The most important member of the clutch of gentlemen was called Rocky. His real name was the same as my Dad’s. Rocky and Momma had this beautiful emotional affair that I probably shouldn’t have known so much about, but there weren’t a lot of barriers between me and my parents’ personal life. I met Rocky once and, like with Hollywood, was frightened of his intense charisma and male sexuality. Momma took me to his apartment and we went out to lunch together. Rocky was playful and flirtatious the way attractive adults are with awkward children. Rocky was also unaware that, even at 11, my sexual development was already well under way, and I just felt like he was making fun of me and like I would never find anyone to love me. I liked watching my Mom with a man she adored though; it was very charming. Rocky’s last name was Krueger and I wanted Momma to leave Papa so Rocky could adopt me and I could change my last name to Krueger and finally be a member of Freddy’s family. Rocky and Momma fell out of touch and he died of cancer a few years later. I think Momma still grieves him. It’s frightfully romantic.
There were other characters in the bundle: a beautiful gay man called Nick (Nick was too beautiful to need a nom de plume); a man who lit his thong on fire; a guy who did a routine to Black Velvet, which Momma thought was the ultimate in sensuality. Mom’s music interest during the years she knew the strippers was supplied by their routine numbers, and that made for a pretty kick-ass playlist.
The most difficult part of having a mother who was friends with a swarm of male strippers is that I had no interest in their bods, and that my rampantly heterosexual mother was disappointed that she couldn’t bond with me as a fellow lover of men. Mom thought that, because I mooned over Johnny Depp and Luke Perry, that she was raising a heterosexual daughter, ignoring the fact that I mooned even harder over Samantha Fox and Shannen Doherty; that I cried with longing for Cindy Crawford; that I desperately wanted Winona Ryder to love me.

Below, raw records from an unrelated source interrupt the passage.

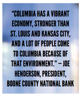 “Columbia has a vibrant economy, stronger than St. Louis and Kansas City, and a lot of people come to Columbia because of that environment,” he says.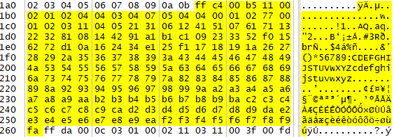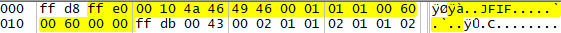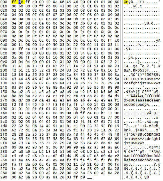 DQT (discrete qunatunization table?) * 2 xFF xDB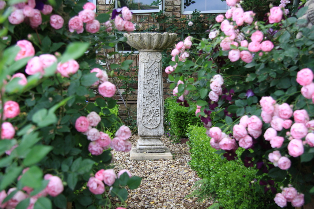 バラに囲まれた素敵なバードバスですね。鳥さんの楽園ですね。

Mom encouraged me to hang up a promo picture of the horde of fellas on my wall, which didn’t go at all with my ripped-from-Seventeen-and-Bop-magazine decor. Instead I hung them on the outside of my bedroom door (a life sized poster of Patrick Swayze and Jennifer Grey already covered the inside). It was great! I could hang the stupid poster and never had to look at it! Papa, however, had to look at it every time he walked from his bedroom to the bathroom, and insisted that if I could have a topless men poster hanging on my door, then my brothers could have topless women photos hanging from their doors, nevermind the fact that none of us should have had topless people pictures hanging from any of our doors. The poster was removed soon after the argument was raised.
Even though interacting with these young robust men was a little scary, the stories of my interactions with them are still some of my favourites. I mean, c’mon! Hollywood! Rocky Krueger! Flaming thong! That’s a childhood most kids only imagine in their wildest Candy Land dreams! Not me. I lived it.